Funerary objects will be returned to Native American tribes

|
Monday, April 8, 2019 8:35 PM
Center of Southwest Studies will return hundreds of items to Native American tribes that were originally collected from the 1930s to the 1960s by amateur archaeologists and treasure hunters.

Hundreds of items collected by amateur archaeologists and treasure hunters from the 1930s to the 1960s are being returned to Native American tribes for repatriation by Center of Southwest Studies.

The items are in the Homer Root Ledger Collection, which includes 1,700 items.

Hundreds of the items have been identified as funerary objects that came from ancient gravesites and are covered under the Native American Graves Protection and Repatriations Act.

Center of Southwest Studies Director Shelby Tisdale told the Fort Lewis College Board of Trustees on Friday that the return of the items is part of the center’s continuing effort to come into compliance with NAGPRA, which requires the return of Native American cultural items, including funerary items, taken from their original locations.

Tisdale

“We invite tribal representatives to have face-to-face discussions,” Tisdale said about outreach from the center to tribes to examine items in the collection for repatriation.

The center has held discussions with 12 tribes and plans to hold another discussion with the Laguna Pueblo of New Mexico in May. Tisdale said representatives of all tribes are welcome to begin discussions with the center for repatriation of items.

Board of Trustee Chairman Ernest House Jr., a member of the Ute Mountain Ute Tribe, said, “To the tribes, this is some of the most important and sensitive work that we can do.”

Given FLC’s mission, he added it is important that the college “go beyond the letter and the spirit of the law” to set a standard that could be modeled nationwide for NAGPRA compliance.

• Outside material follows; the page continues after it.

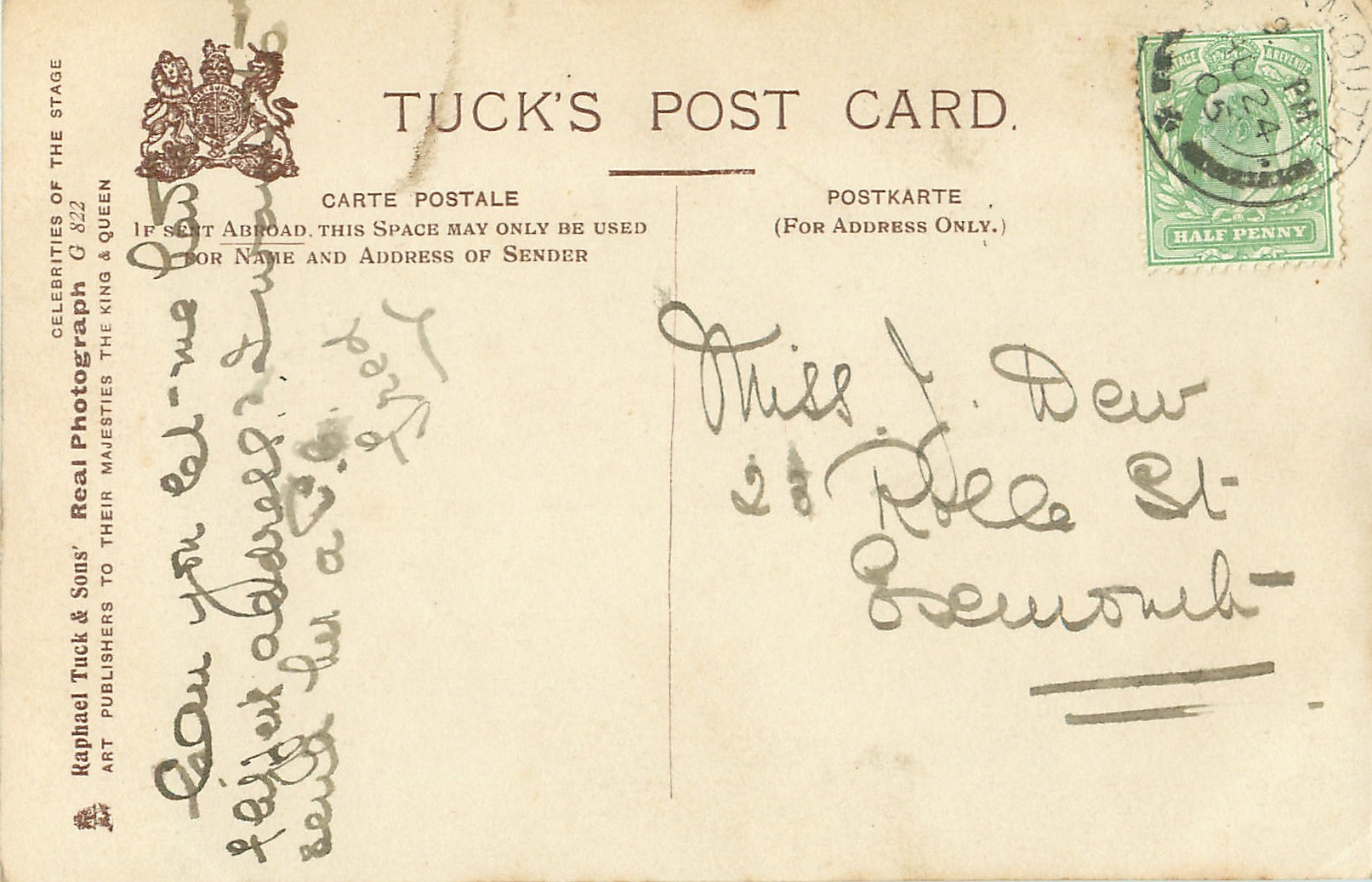 PHOTO JOHNSTON & HOFFMAN Ruth Vincent 1877 Eng.-1955 London Married Lt. Col. John Fraser of the Royal Horse Guards was Gretchen in "The Grand Duke" Savoy Th. 1896

Items returned will include 161 funerary objects, 58 of which were traded or misidentified by the amateur archaeologists and treasure hunters. Other items to be returned include 103 funerary objects identified as coming from ancestral Puebloan sites, including 79 ceramic vessels, 13 lithic objects, 10 mineral samples and one animal bone.

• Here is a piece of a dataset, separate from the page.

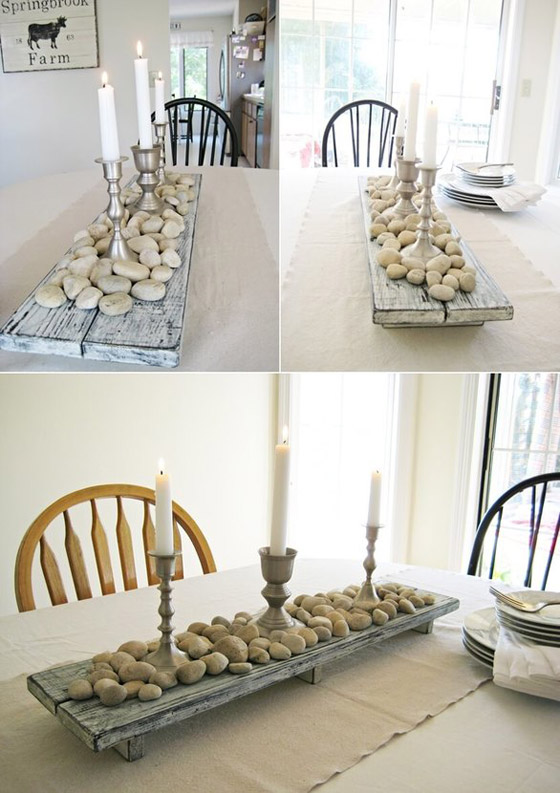 9- طريقة فنية لتزيين الطاولة باستخدام الحجارة الملساء والشمعدانات.

The items were collected from La Plata, Montezuma, Dolores and San Juan counties in Colorado and McKinley County in New Mexico.

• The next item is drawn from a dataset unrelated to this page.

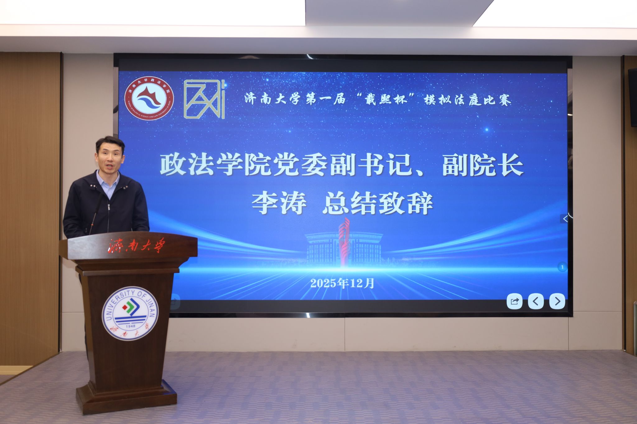 团委承办,山东载熙律师事务所冠名支持的济南大学第一届“载熙杯”模拟法庭比赛总结暨颁奖典礼活动在第五学术报告厅举行。

Based on consultations with tribes, the items will be repatriated with the Southern Ute Indian Tribe, Ute Mountain Ute Tribe and Uintay/Ouray. Items also will be repatriated with the Hopi, Jicarilla and Apache tribes, and with the Pueblo of Zuni, Pueblo of Acoma, Pueblo of San Felipe, Pueblo of Santa Clara and the Pueblo of Tesuque, all in New Mexico, and Ysleta del Sur Pueblo in Texas.